I don't know how I could restate it more clearly. I was of the age where everyone made fun of everyone else in every possible way shortly after the height of the movie's popularity, grew up in a community with many asians and had many asian friends, and never once heard anyone call anyone else "Donger". I would bet that most people who aren't currently around 35 years old would have no idea what "Donger" even means. People who are 25 and under most certainly wouldn't. Therefore, "Donger" was hardly a permanent addition to the lexicon of racial slurs. Were asian kids called that for a brief period in the mid 80s? Apparently, yeah. I'm sure it really sucked to be asian when that movie was at its height of popularity. But they apparently haven't been called that since the mid 80s. The UrbanDictionary definition for "Donger" has one reference to Sixteen Candles, and the rest are mostly about male genitalia. Search Google for it and it's all either direct quotes from the movie or penis references. If it were such a common, current racial slur you'd expect to find someone using it on a forum or something, but no. By contrast, I've heard the "sucky sucky" bit from Full Metal Jacket about a million times. I know who Stepin Fetchit and Amos n' Andy are and they were popular 40 years before I was born.
posted by DecemberBoy at 4:59 AM on March 25, 2008


Were John Hughes really that big of a deal? I saw Breakfast Club when it came out and thought it was just another glossy teen move, it didn't really register much; I don't think I've seen any others. They all sound like dumb comedies, what am I missing here?
posted by octothorpe at 5:10 AM on March 25, 2008


RayOrama,
That "pot saves the day" element bothers me too. It bothered me even more in Revenge of the Nerds.
posted by Cookiebastard at 5:19 AM on March 25, 2008


Child of the 80's here... yes, John Hughes movies were the bomb. Molly Ringwald, Ally Sheedy and toss in Winona can't finish that because Winona is such an awesome name. Teenage Fapage.

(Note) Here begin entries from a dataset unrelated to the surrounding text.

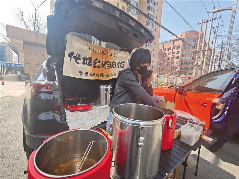 上午11時(shí)20分,甘南路民族飯店門口的人行道上,一輛簡(jiǎn)易流動(dòng)餐車準(zhǔn)時(shí)支起攤位。不銹鋼餐盆里,色澤鮮亮的炒肉片蓋飯熱氣升騰,濃郁香氣順著風(fēng)飄向周邊寫字樓,短短幾分鐘,攤位前就排起了七八人的小長隊(duì)。“老板,一份炒肉片蓋飯,多放青椒和咸菜!”“我要兩份,打包帶走!”熟練打飯、快速裝盒、掃碼收款,一氣呵成,不到20分鐘,桶里的米飯就下去了小半桶。
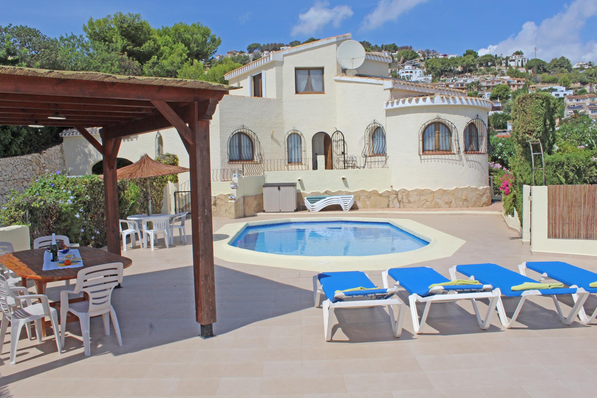 Schöne und komfortable Villa in Moraira, Costa Blanca, Spanien, mit privatem Pool für 6 Personen. Das Haus befindet sich in einer Wohngegend und ist 3 km vom Strand entfernt.
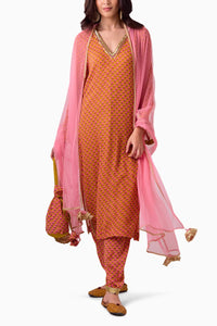 Haldi georgette teen patti printed kurta with intricate coin embroidery at the neckline paired with crepe teen patti printed salwar adorned with pink net dupatta , gota borders and handmade latkans with stylish potli bag.
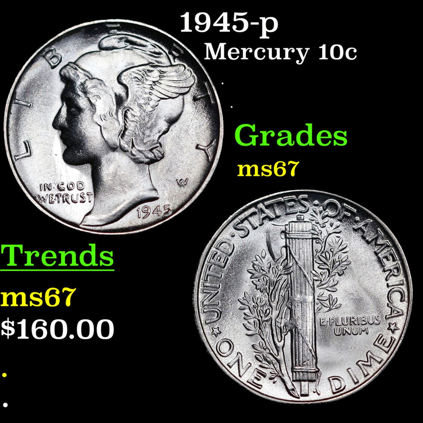 1945-p Mercury Dime 10c Grades GEM++ Unc.
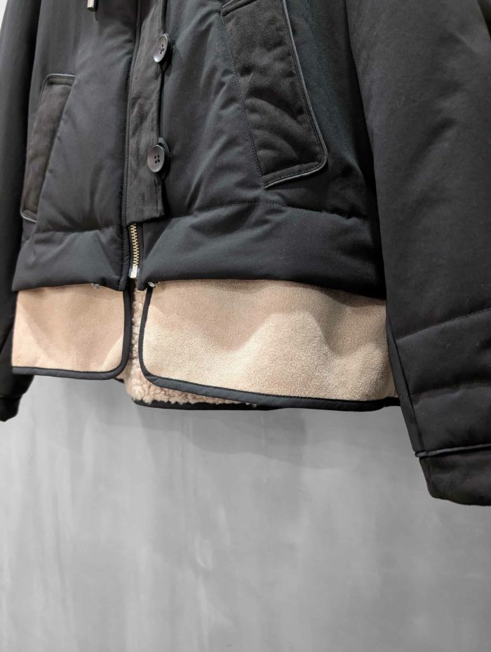 裾にバイカラースエードをドッキングしたアイコニックなデザインのラリアムーらしいフードコート。
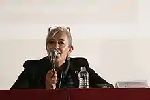 ![]() Mónica Lozano Soto durante la reapertura del Cine Villa Olímpica | ||
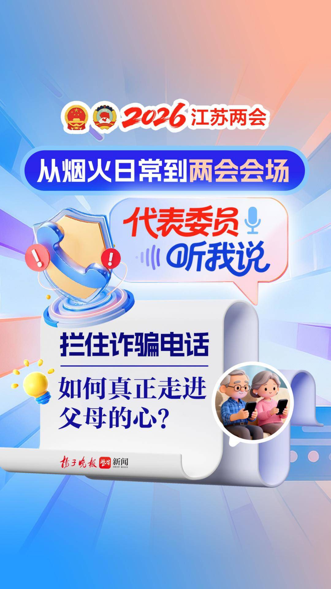 今年省两会召开在即,代表委员们带着来自基层的声音即将走进会场。他们深入城乡社区,倾听群众关切,将百姓的日常烦恼转化为履职建言。近日,扬子晚报/紫牛新闻记者跟随江苏省人大代表、南京市江宁区善晖社会工作服务中心负责人高洁一起走进社区一线,与中老年居民及其子女面对面交流。她关注的问题是:在电信诈骗手段层出不穷的今天,子女如何真正走进父母的内心,筑牢家庭防骗的亲情防线?

Loved the movies, sorry... never even thought about Long Duc Dong as being any sort of slur. More surprised that the two Asian girls in my school had the same last name but were not related in any way.

Yeah, you're missing out by not being from the generation. I'll watch a John Hughes movie anytime I come across it on the TV. 80's teenager thing. Don't think about it too hard.

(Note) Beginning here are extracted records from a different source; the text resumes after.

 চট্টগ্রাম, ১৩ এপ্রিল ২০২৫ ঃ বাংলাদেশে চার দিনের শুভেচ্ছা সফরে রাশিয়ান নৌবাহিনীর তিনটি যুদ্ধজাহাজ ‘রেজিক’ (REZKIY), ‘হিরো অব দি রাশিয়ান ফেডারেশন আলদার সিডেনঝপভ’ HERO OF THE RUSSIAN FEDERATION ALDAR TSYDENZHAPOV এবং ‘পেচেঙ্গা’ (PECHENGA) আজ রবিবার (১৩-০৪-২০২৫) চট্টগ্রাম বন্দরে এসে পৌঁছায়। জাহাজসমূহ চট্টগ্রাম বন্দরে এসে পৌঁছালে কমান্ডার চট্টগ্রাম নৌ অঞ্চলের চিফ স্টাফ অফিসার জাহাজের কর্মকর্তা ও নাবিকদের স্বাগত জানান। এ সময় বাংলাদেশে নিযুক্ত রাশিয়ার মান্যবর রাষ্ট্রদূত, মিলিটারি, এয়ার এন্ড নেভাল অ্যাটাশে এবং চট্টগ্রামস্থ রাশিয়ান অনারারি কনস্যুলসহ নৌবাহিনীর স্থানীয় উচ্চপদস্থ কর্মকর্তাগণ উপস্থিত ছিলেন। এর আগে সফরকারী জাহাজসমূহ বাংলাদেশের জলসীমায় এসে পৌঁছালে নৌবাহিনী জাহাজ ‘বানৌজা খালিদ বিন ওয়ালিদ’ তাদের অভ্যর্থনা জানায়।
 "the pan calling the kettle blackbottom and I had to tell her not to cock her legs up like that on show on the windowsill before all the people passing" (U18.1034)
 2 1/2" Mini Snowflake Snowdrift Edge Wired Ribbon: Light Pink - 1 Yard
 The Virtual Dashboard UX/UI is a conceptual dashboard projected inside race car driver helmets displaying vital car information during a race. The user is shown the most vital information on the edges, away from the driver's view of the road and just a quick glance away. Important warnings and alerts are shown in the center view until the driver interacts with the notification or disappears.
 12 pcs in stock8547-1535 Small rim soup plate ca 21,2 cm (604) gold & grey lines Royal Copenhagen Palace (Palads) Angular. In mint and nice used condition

What my teenage self wouldn't give to (nevermind...).
posted by zengargoyle at 5:37 AM on March 25, 2008


You all shut up! Pot does save the day!
posted by grubi at 6:18 AM on March 25, 2008 [6 favorites]


John Hughes' films always feature something or other that bothers me in some way. Donger is only one of the elements in Sixteen Candles. Another is the fact that in order to be considered cool by your peers you need to drink yourself under the table, get drag-out stoned, or have sex.

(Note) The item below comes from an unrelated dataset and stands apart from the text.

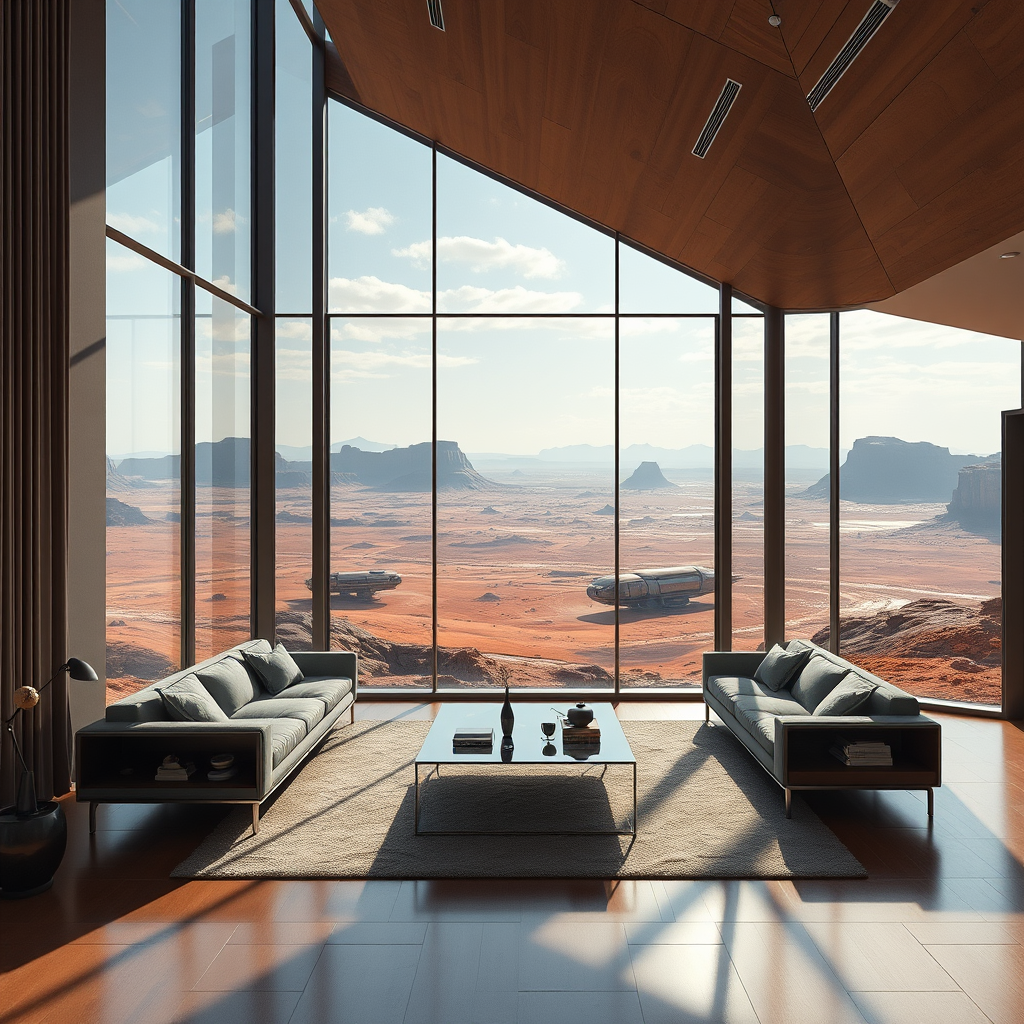 Modern living room with expansive windows showcasing a breathtaking view of the Martian landscape, fantasy elements infused with realism, digital art style merging photorealistic painting with imagination, extremely detailed CG work in unity, 8k wallpaper quality that blends high detail with artistic nuance, inspired by the styles of Midjourney and Greg Rutkowski, matte finish with a touch of Bryan Organ's influence, subtle negative space for ease.

I know what you mean, but this attitude is prevalent in pretty much EVERY Hollywood teen movie. I think Hughes does a good job, comparatively speaking, in presenting it from the viewpoint of the person going through the angst, than the vast majority of teen flicks do. Think of Porky's, for instance. Utter tripe. The thing about Hughes is that in his mixing of princesses, geeks, jocks and stoners, he pretty much gets at least one character in the movie that you can strongly identify with.

For me, it was the Anthony Michale Hall Farmer Ted character- the geeky nerd who didn't let his geekiness stop him. I would have loved to be that outgoing in high school.

I was able to watch the movies in the same vein, I suppose, that John Hughes made them- from the "graduate of adolescence" perspective. They resonated with the uncomfortable memories of my own awkward teen years, but in a way that said, "Don't worry, you haven't been through anything that any of us haven't." He made some sense of adolescence.
posted by Doohickie at 6:21 AM on March 25, 2008


Hey amyms, thanks for this post. I was working on something similar for Drillbit Taylor, but it ended up elsewhere.

Incessant, I think you have it exactly right. There's no way the kids in TBC go back to school on Monday morning and remain friends. In a way, the final freeze frame on Bender and his upraised fist is the giveaway; this is a moment in time that will not, and can not last.

You're also right to point out that much of Hughes classic teen flicks are a little darker than they let on. Hughes admits as much in this article, when he says: The studios never perceived those films as hits - they'd always bring them out in February, which is when the studios usually dump the movies they have no confidence in. Of course, I was naive, I thought, "Fantastic! Right in the middle of that long stretch between Christmas and Spring Break, your coats are getting dirty, everything's dark, dingy - what a great time for a movie!" Especially one that's a little depressing. You see, one of the bits of wisdom I've picked up about adolescence is that joy and sorrow are equally pleasant to a teenager; those extreme states of mind are pretty cool whatever they are!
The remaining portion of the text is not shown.